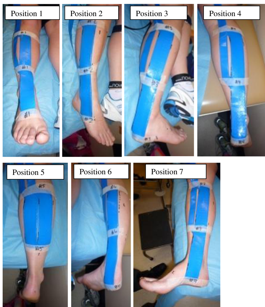
Figure 1 Orientation of sensors used to measure cast wall pressures at the seven different locations.

and cast wall data. The data from seven locations of the cast wall were synchronised for comparison at the same temporal events.
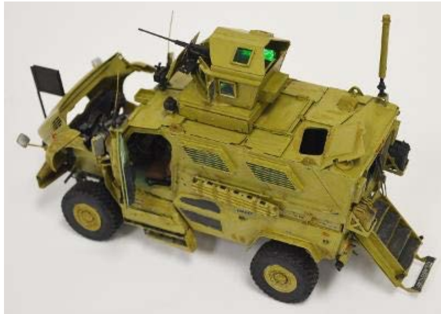
Art Berdick's M1224 Maxx Pro MRAP
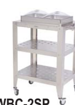
WBC-2SP 2 Pans & 2 Individual Lids
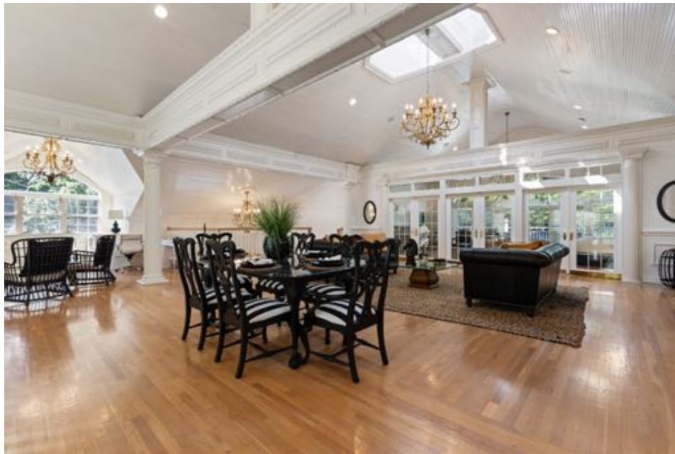
Lounge and guest quarters
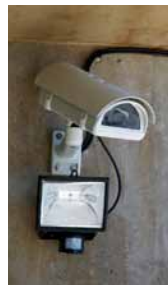
Exterior Security Lighting
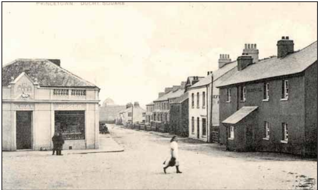
Figure 1 Duchy Square, Princetown
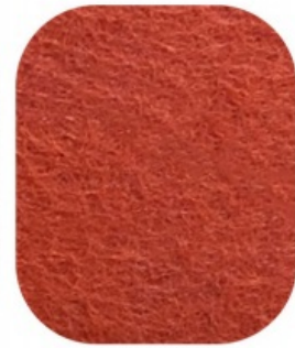
AM-52 Havana Orange
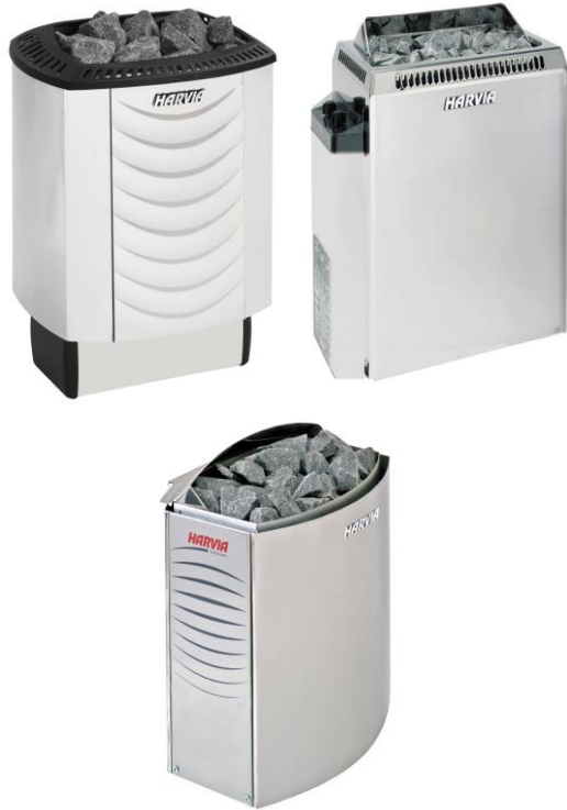
Sound, Topclass, Vega Lux models (all colors): production will end
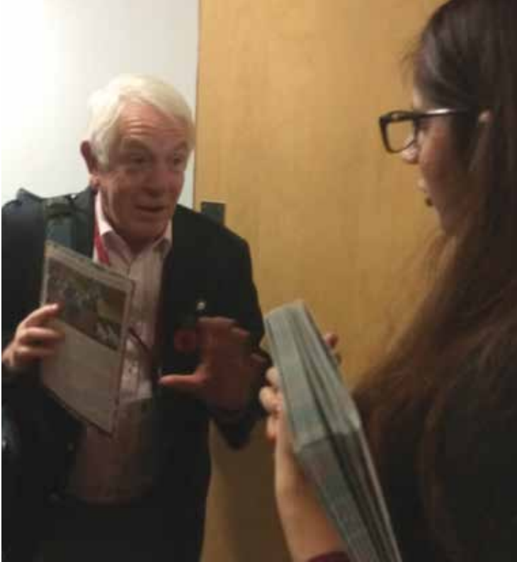
Discussion with travel industry professional
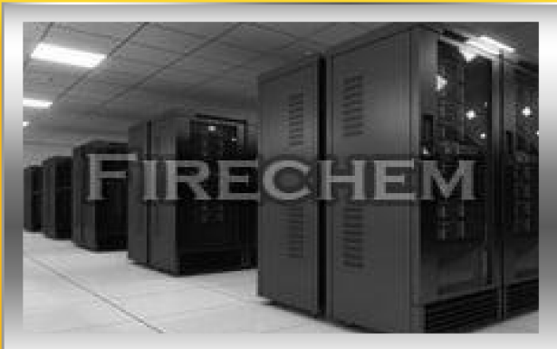
Clean Agent Fire Extinguisher
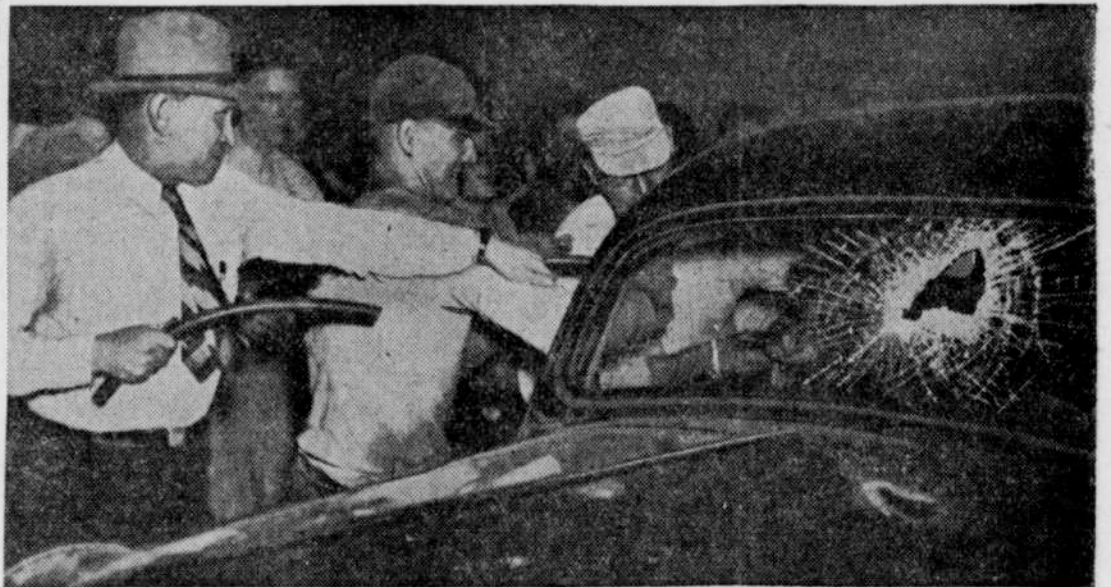
More than 100 persons were injured and one man was killed in rioting which flared up at a Cleveland plant of the Republic Steel company. Five hundred strikers and non-strikers are estimated to have taken part in the melee. Picture shows strikers breaking the glass of an automobile carrying non-strikers.
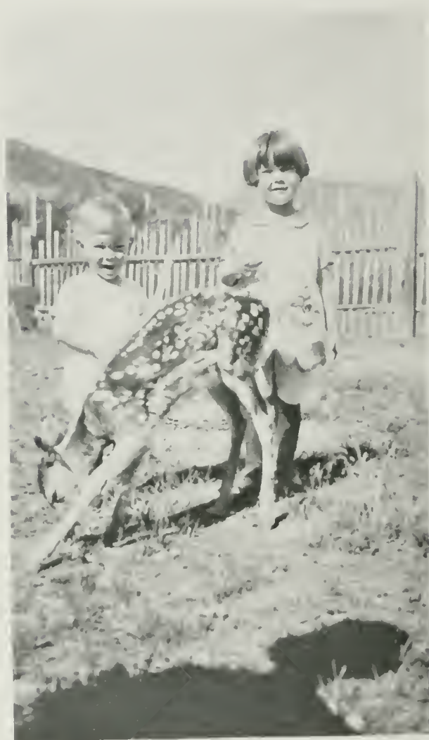
One of the "Kids"
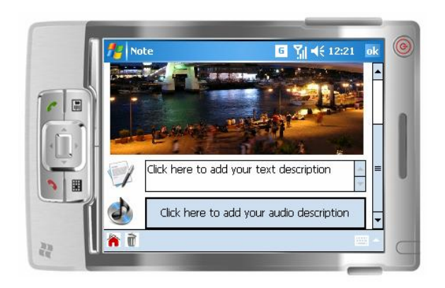
Figure 4. Adding user comments to captured images.
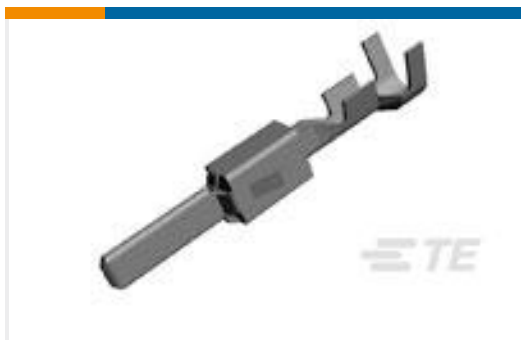
TE Part #2-962916-1 TAB 2.8x0.8 CONTACT CF SWS Sn
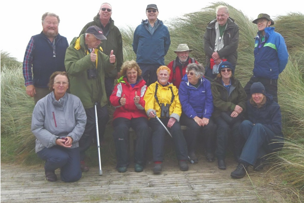
Members of NWFG and the Isle of Man Fungus Group

We had a great time thanks to the excellent choice of sites and hard work put in by the local organisers.
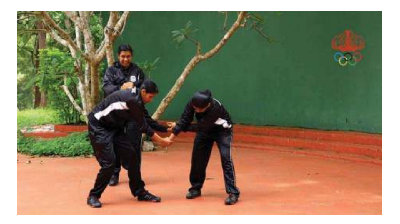
Self defence program demonstration
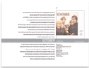
U2, The Complete U2
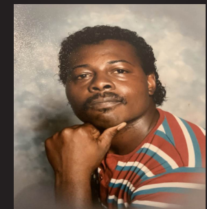
Name that deacon, usher, and worship singer?
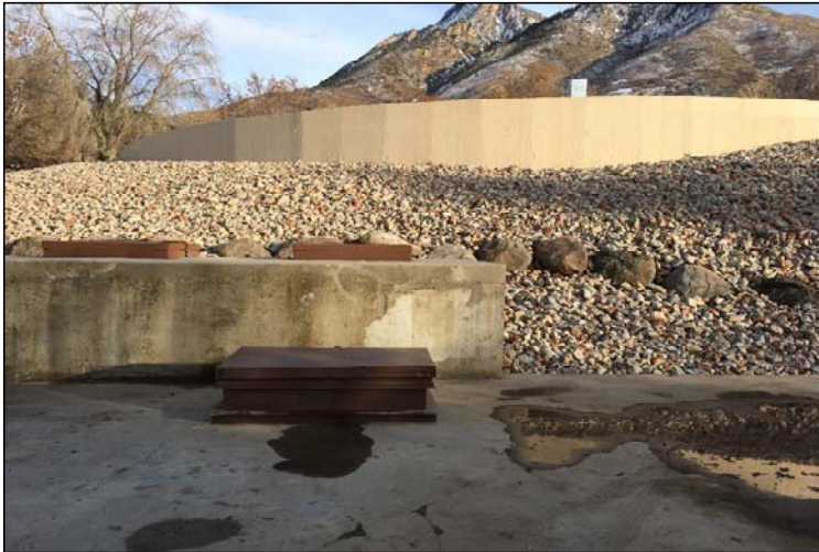
Lowered grades and rock erosion protection on the backside of the reservoir
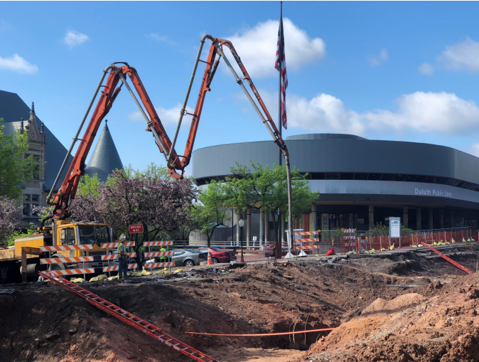
Concrete poured into an old vault in front of the library
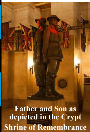
Father and Son as depicted in the Crypt Shrine of Remembrance

are able to attend services focused on their legacy at a time when Australia came under direct threat. Many forget that ship wrecks are strewn along the east coast of Australia, ships lay at the bottom of Bass Strait. There are sites where 'rusting hulks' are headstones for more than 2,000 sailors. These services to recognise our ships deployed in WW2 and are no less important than ANZAC.
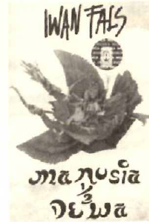
The Cover of the Music Album "Half- Man and Half-God" which depicts the Wishnu God

Another case occurred in 2004 when a picture of Wishnu was used to illustrate a song title in an album by Iwan Fals. He composed a song entitled " Manusia Setengah Dewa " ("Half-Man and Half-God") which was then provided an illustration using a figure resembling Wishnu. A Hindu community protested against this, which they thought was a profane use of the Hindu divinity. The controversy, however, ended relatively quickly since several other Hindu organizations and some influential Hindu figures supported Iwan Fals. They said that the use of the symbol was acceptable. Still, the recording company in deference agreed to stop the production of the album cover, but would not withdraw the CDs already distributed in the market. 11
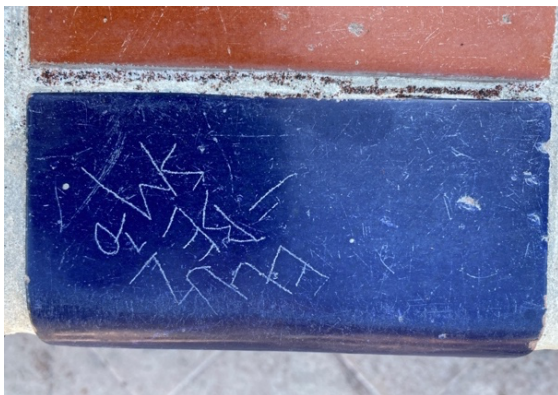
Overview of tile with incised graffiti before test 3 (in-painting and varnish).
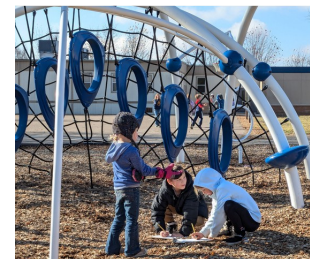
Outdoor scavenger hunt.
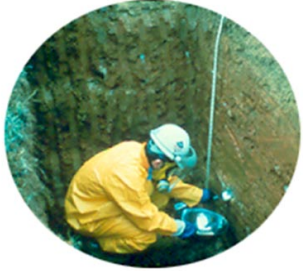
Site Assessment/Remediation and Feasibility Studies
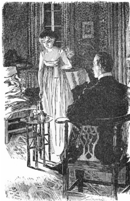
Matravers found himself wondering at this new and very natural note of domesticity in her

All the time he was talking, telling her in a few chosen sentences of the little tour for which she really was responsible—of the pink-and-white apple-blossoms of Brittany, of the peasants in their quaint and picturesque garb, and of the old time-worn churches, the exploration of which had constituted his chief interest. She listened eagerly; every word of his description, so vivid and picturesque, was interesting. When he had finished, he looked at her thoughtfully.
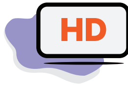
High-resolution display manufacturers
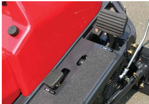
▼ Below The traveling pedal is designed to keep the foot comfortable even after hours of use.
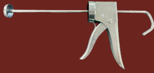
300 ML MEDI-CARTRIDGE™ APPLICATOR
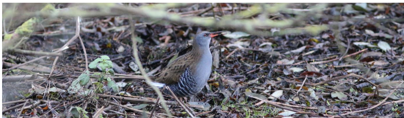
Water rail, Moorey Mere 2021.

First noted on 2 nd March when three were recorded. Birds were present for most of March with the last record of likely wintering birds being on 24 th . One bird was recorded on 15 th May and no other birds were recorded until autumn. The first migrants of autumn were recorded on 25 th August with sightings nearly every day until departure in November. The high count of the year was 15 on 7 th November.
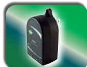
SE Range Extenders
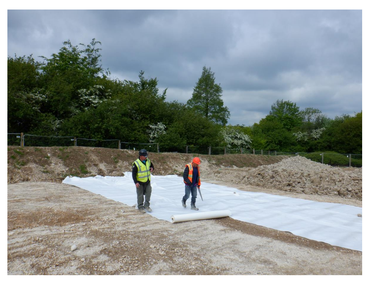
Plate 6. View of membrane cover (looking west)
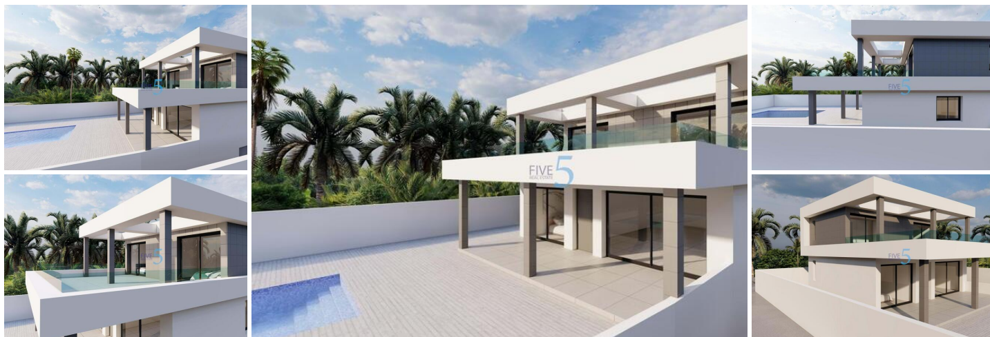
NEW BUILD VILLA IN ROJALES

New Build modern villa in Rojales close to all amenities and services.
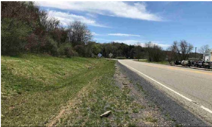
1400ft Road Frontage Along Rt. 11
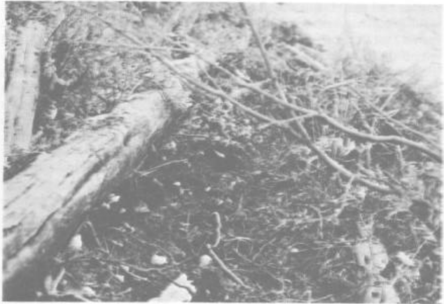
Figure 3—Typical spot dug out by cable scarifier.

Our scarifying implement did not work well in the area. Even five of six passes were not enough to create adequate planting spots. The brush proved too thick and limber. The implement simply skidded over much of the
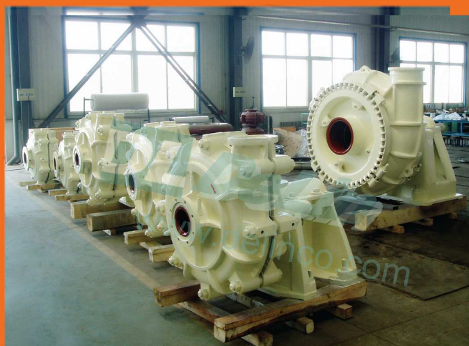
待发泵 (Pump For Shipping)
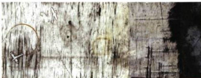
Sky Dancing Mixed media 2006

Aug. 31st – Sept. 19th, 2006 Engine Gallery 1112 Queen St. W. Tel.: 416-531-9905 www.enginegallery.ca
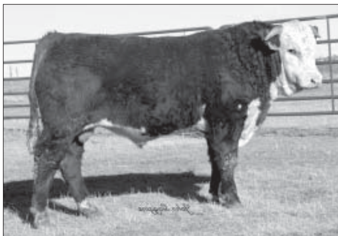
HH Advance 5033R

Research has proven that a properly conducted crossbreeding program of Hereford bulls on Angus cows can increase beef productivity during that cows lifetime by almost 30%.
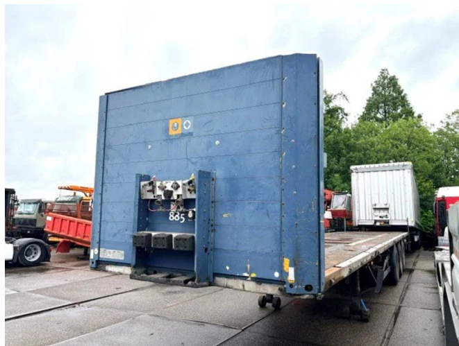
Schmitz Cargobull SCS 24/L 3-AXLE FLATBED TRAILER (D... Referentienummer: SN 60355362
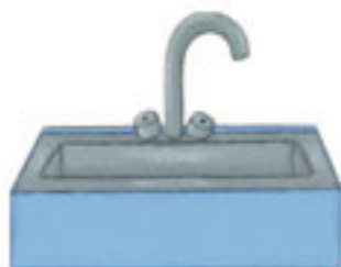
水池 shuǐ chí sink
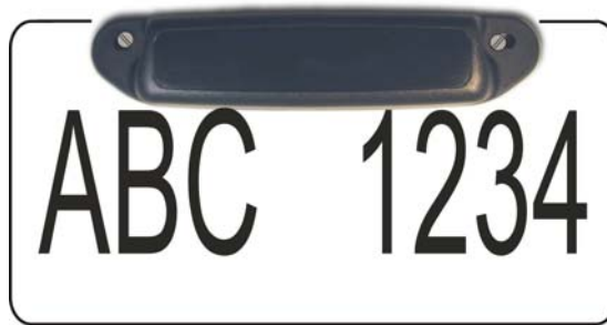
Figure 2 Placement Over the Upper Area of the License Plate

The license plate should have a 90-degree field-of-view to the overhead antenna as the vehicle approaches the toll plaza/gantry. If the vehicle bumper limits the field-of-view or if the license plate area is angled downward toward the pavement, you can use an angled mounting bracket to point the OBU upward to increase the field of view and improve performance ( Figure 3 ).
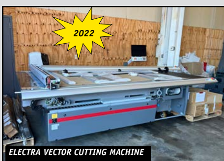
ELECTRA VECTOR CUTTING MACHINE

160 TAPLEY STREET SPRINGFIELD, MASSACHUSETTS
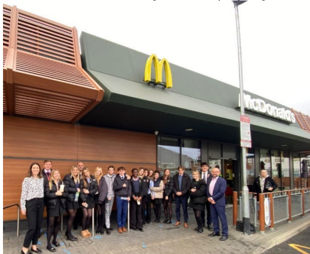
Year 13 visited McDonalds with talks from the Franchisee and the former CFO.
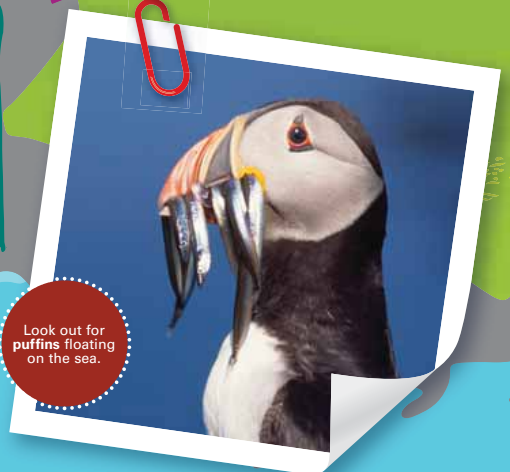
Look out for puffins floating on the sea.
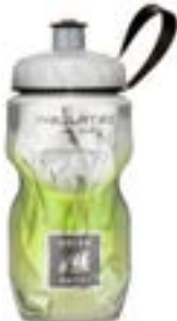
Green Fade Only available in 12oz
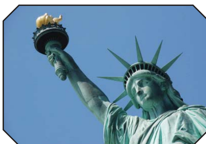
5. ATTUES FO TREYBIL
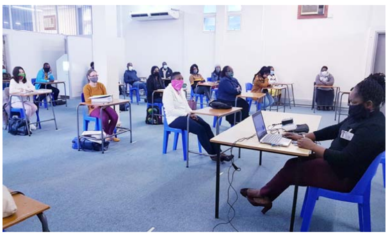
Students and campus staff attending in-service on covid19
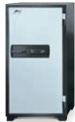
Centiguard I will protect your documents from fire.
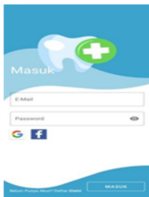
Fig 2:- Log In
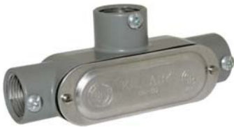
T Type - COT-1,2,3
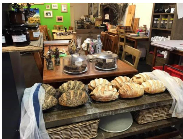
Some of the fine produce available from the Long Arm Cafe.

The order form is to be found later in this newsletter.
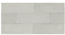
Silver 2" x 6" x 5/16"
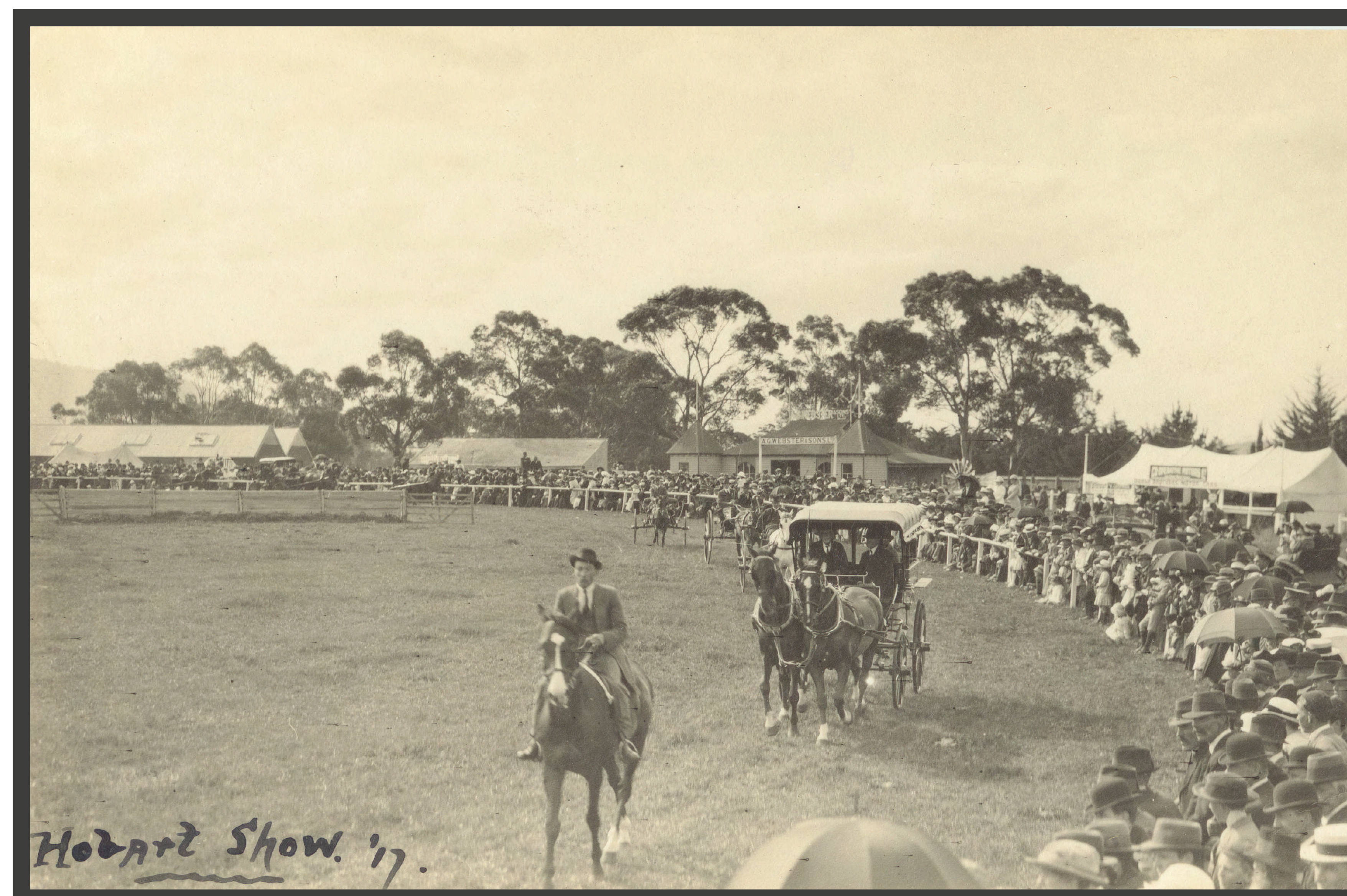
CIRCA 1917 HOBART SHOW

The Society hosted a Special General Meeting of members to discuss the proposal to purchase land in Glenorchy for use as permanent ground. The land, now known as The Hobart Showgrounds, was purchased for £2500.
──────────
Problem details
Drop the pictures; return the lines above from the line containing "TE Part #2-962916-1" to the line containing "The Cover of", both included, exactly.

The completed task
TE Part #2-962916-1 TAB 2.8x0.8 CONTACT CF SWS Sn
Members of NWFG and the Isle of Man Fungus Group

We had a great time thanks to the excellent choice of sites and hard work put in by the local organisers.
Self defence program demonstration
U2, The Complete U2
Name that deacon, usher, and worship singer?
Lowered grades and rock erosion protection on the backside of the reservoir
Concrete poured into an old vault in front of the library
Father and Son as depicted in the Crypt Shrine of Remembrance

are able to attend services focused on their legacy at a time when Australia came under direct threat. Many forget that ship wrecks are strewn along the east coast of Australia, ships lay at the bottom of Bass Strait. There are sites where 'rusting hulks' are headstones for more than 2,000 sailors. These services to recognise our ships deployed in WW2 and are no less important than ANZAC.
The Cover of the Music Album "Half- Man and Half-God" which depicts the Wishnu God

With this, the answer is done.